J Pharmacol Exp Ther. 1996 Jul;278(1):15-20.
Pb+2 is a potent inhibitor of N-methyl-D-aspartate (NMDA) receptors and its action is dependent on neuronal maturation. Developmentally regulated expression of NMDA receptor subunits may underlie the changing sensitivity to Pb+2. In oocytes expressing in vitro transcribed cRNAs for zeta 1 epsilon 1 or zeta 1 epsilon 2 NMDA receptor subunits, Pb+2 inhibited glutamate-activated currents with IC50 values of 0.87 +/- 0.25 and 1.21 +/- 0.22 microM, respectively, and NMDA-activated currents with IC50 values of 1.37 +/- 0.47 and 1.11 +/- 0.33 microM, respectively. In oocytes expressing zeta 1 epsilon 1 epsilon 2 subunits, the IC50 values for Pb+2 blockade of NMDA- or glutamate-activated currents were significantly larger when compared to zeta 1 epsilon 1 or zeta 1 epsilon 2 combinations. Pb+2 concentrations greater than 1 microM inhibited glutamate-activated currents with an IC50 of 6.1 +/- 1.22 microM and NMDA-activated currents with an IC50 of 6.64 +/- 3.34 microM. Pb+2 reduced the maximal current amplitude consistent with a noncompetitive block. zeta 1 epsilon 1 epsilon 2 NMDA receptors were potentiated by low concentrations of Pb+2 ( < 1.0 microM).

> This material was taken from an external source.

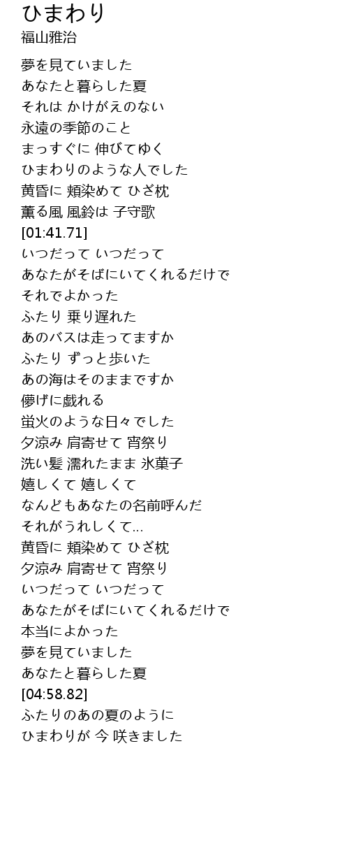 | [03:01.25] | 夕涼み 肩寄せて 宵祭り |

These data suggest that brain regions with zeta 1 epsilon 1 or zeta 1 epsilon 2 NMDA receptors subunits would be more vulnerable to Pb+2 toxicity than those with zeta 1 epsilon 1 epsilon 2 NMDA-receptors, which are expressed later in development. These data provide a mechanism for the reported changes in the efficacy of block of NMDA receptors by Pb+2 during development.

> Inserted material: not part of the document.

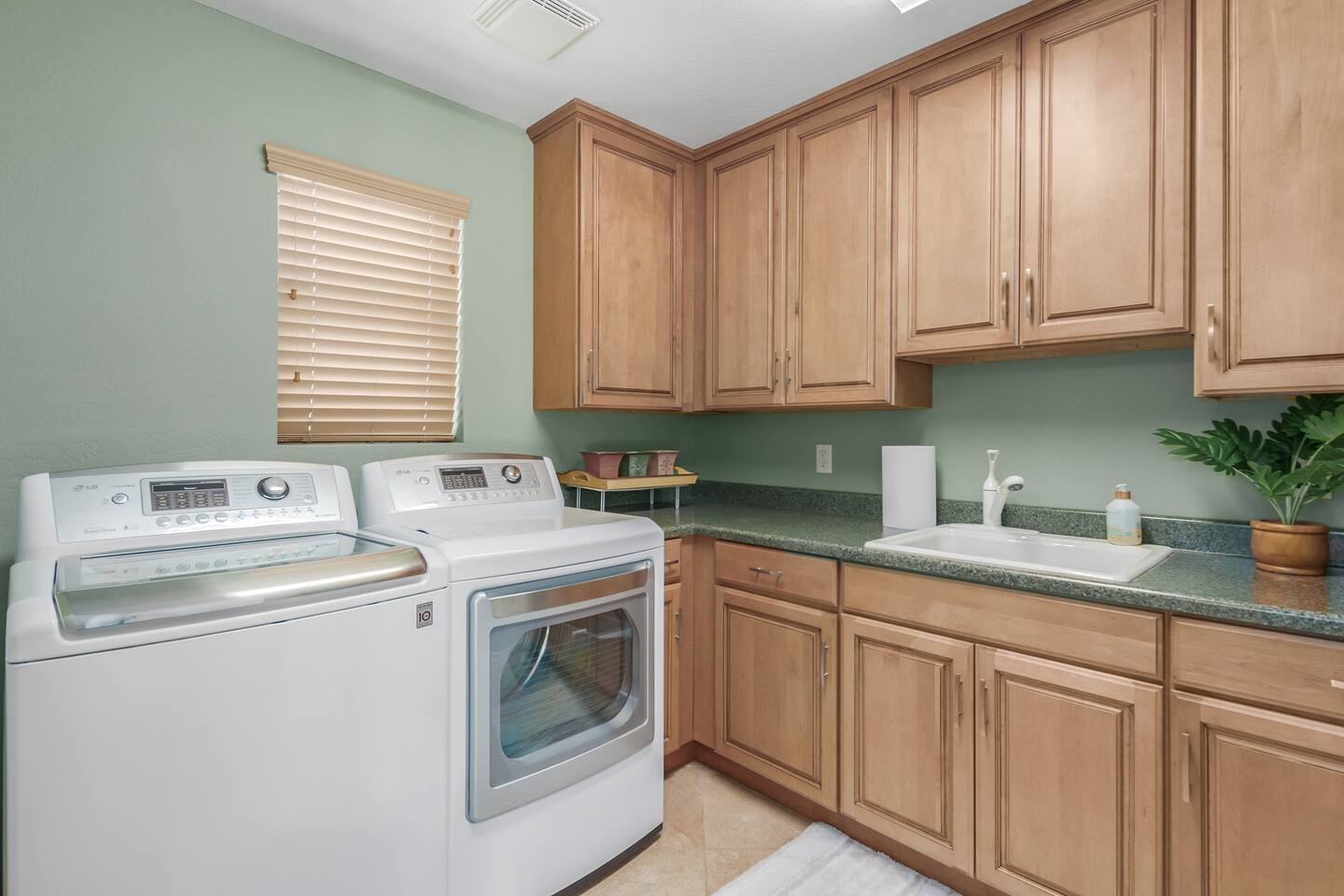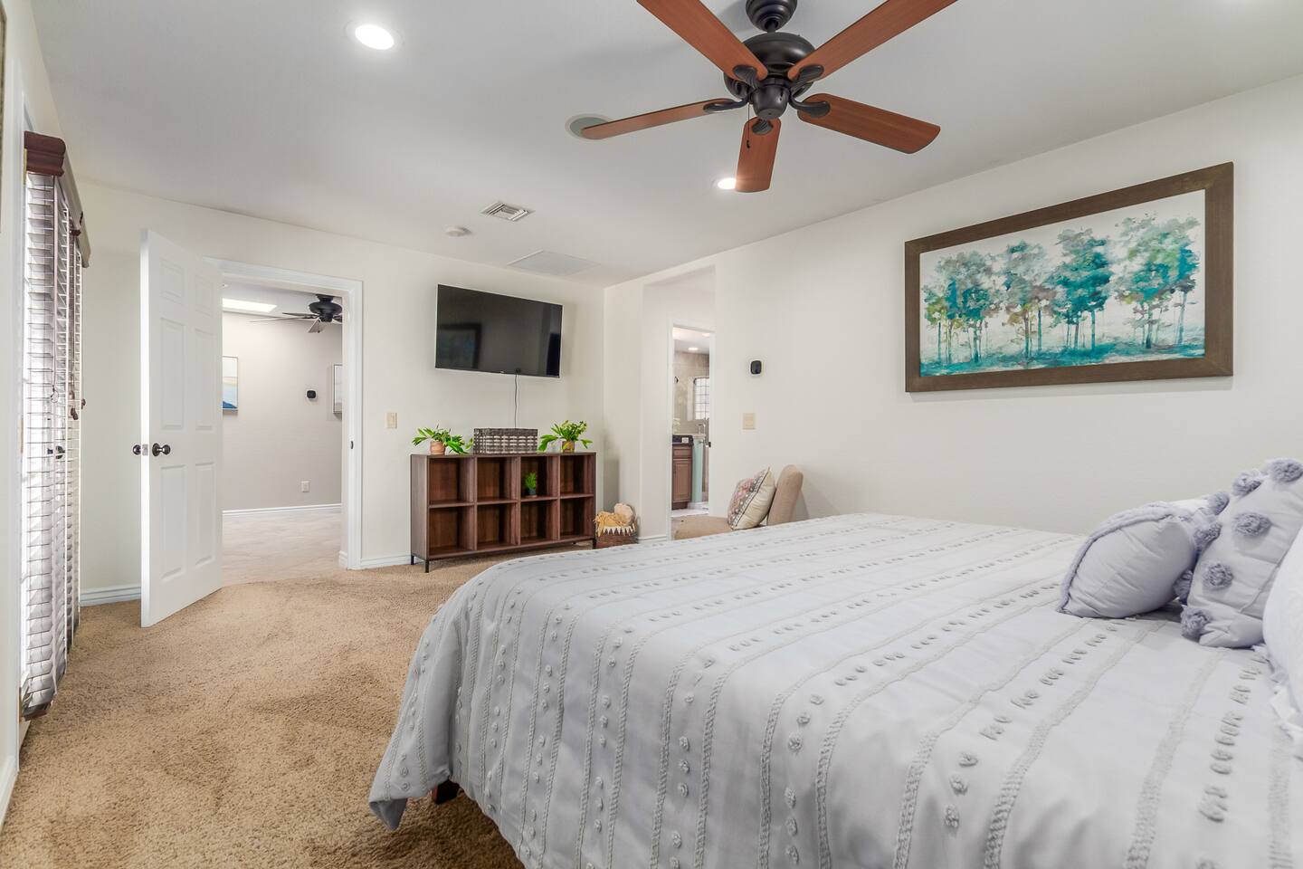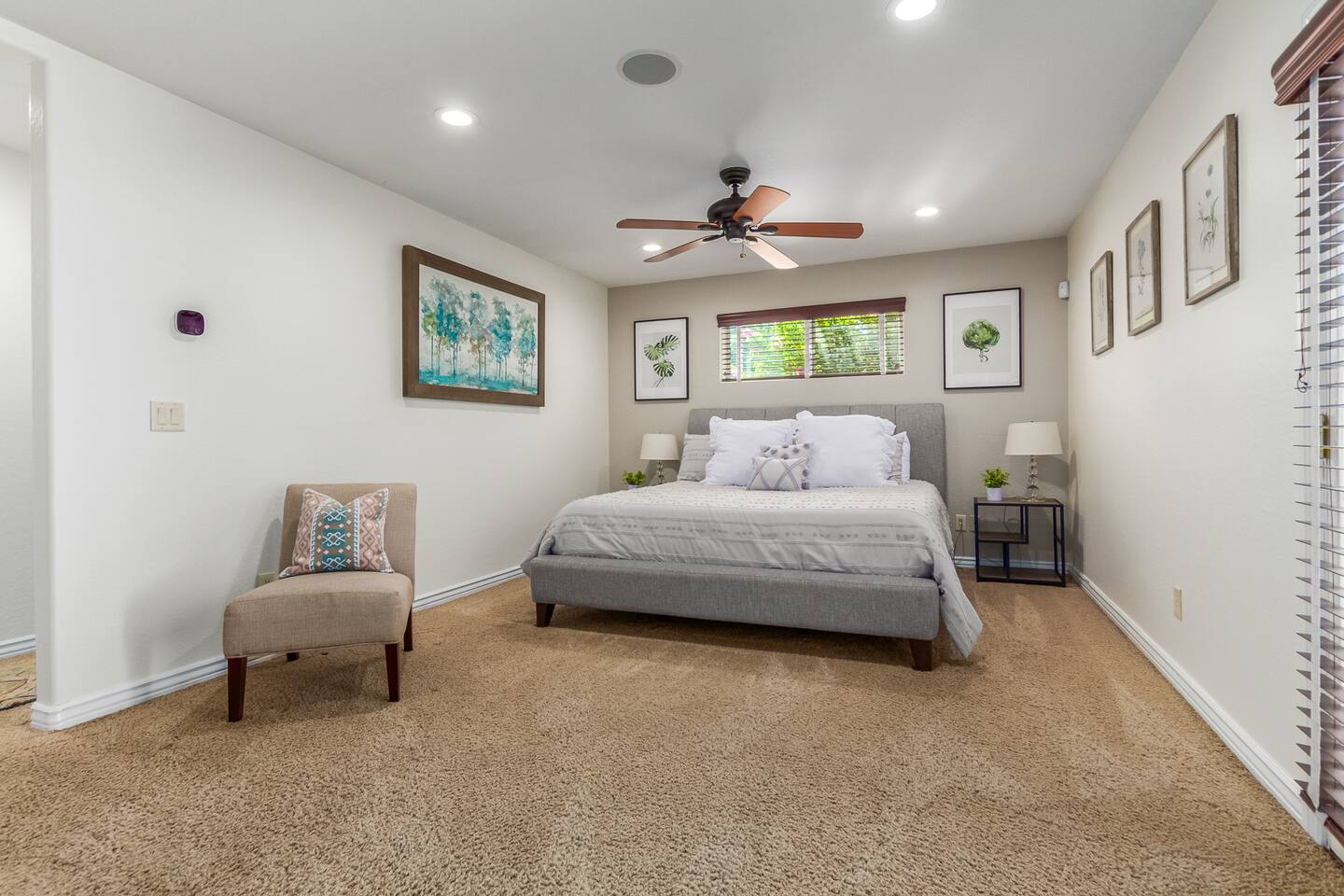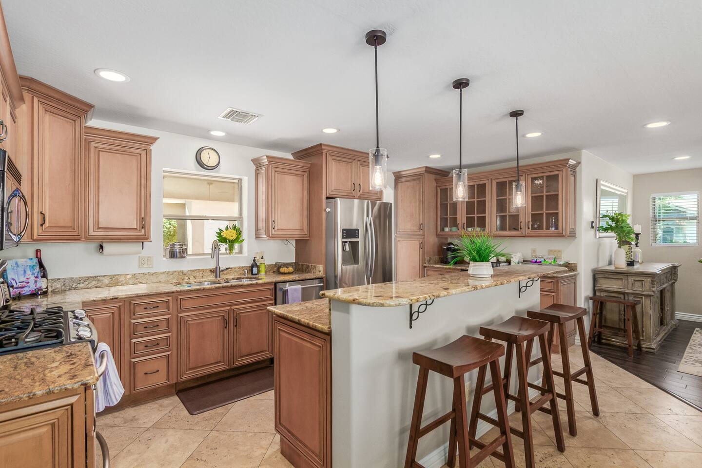 Welcome to your family-friendly retreat near Camelback Mountain and Old Town Scottsdale! Our 2,200-sq-ft single-level home is perfectly designed for comfort, connection, and play — ideal for families with young children or grandparents hosting grandkids. Inside, enjoy an open great room with a 65" Roku HDTV, cozy sofas, and dining for eight. The chef’s kitchen features stainless appliances, plenty of fridge space, a wine fridge, Keurig, and full cookware — everything you need for home-cooked meals. Two bedrooms offer plush king memory-foam beds and smart TVs, while the third serves as a kids’ haven with a bunk bed double/twin, full-size crib, toys, children’s books, and a workspace. A den adds a sofa bed and additional TV for extra flexibility. The master suite includes a walk-in closet, dual-sink bath, soaking tub, and French doors leading outside. A full guest bath, powder room, and laundry room round out the layout. Outdoors, families love the enclosed ranch-rail front yard — perfect for safe play while you relax on the porch with Camelback views. The backyard offers a covered patio, comfortable seating, ceiling fan, BBQ, and a swing set for kids (up to 70 lbs). Every stay includes baby essentials (crib, high chair, bath seat), 1 Gbps fast Wi-Fi, Roku streaming, and hotel-quality linens. Quiet, walkable neighborhood — minutes to hiking, golf, dining, and PHX Airport.

铅离子(Pb²⁺)是N-甲基-D-天冬氨酸(NMDA)受体的强效抑制剂,其作用取决于神经元的成熟度。NMDA受体亚基的发育调控表达可能是对Pb²⁺敏感性变化的基础。在表达体外转录的ζ1ε1或ζ1ε2 NMDA受体亚基的cRNA的卵母细胞中,Pb²⁺抑制谷氨酸激活电流的IC50值分别为0.87±0.25和1.21±0.22微摩尔,抑制NMDA激活电流的IC50值分别为1.37±0.47和1.11±0.33微摩尔。在表达ζ1ε1ε2亚基的卵母细胞中,与ζ1ε1或ζ1ε2组合相比,Pb²⁺阻断NMDA或谷氨酸激活电流的IC50值显著更大。大于1微摩尔的Pb²⁺浓度抑制谷氨酸激活电流的IC50为6.1±1.22微摩尔,抑制NMDA激活电流的IC50为6.64±3.34微摩尔。Pb²⁺降低了最大电流幅度,符合非竞争性阻断。低浓度的Pb²⁺(<1.0微摩尔)增强了ζ1ε1ε2 NMDA受体。这些数据表明,与发育后期表达的ζ1ε1ε2 NMDA受体相比,具有ζ1ε1或ζ1ε2 NMDA受体亚基的脑区对Pb²⁺毒性更敏感。这些数据为发育过程中Pb²⁺阻断NMDA受体效能变化的报道提供了一种机制。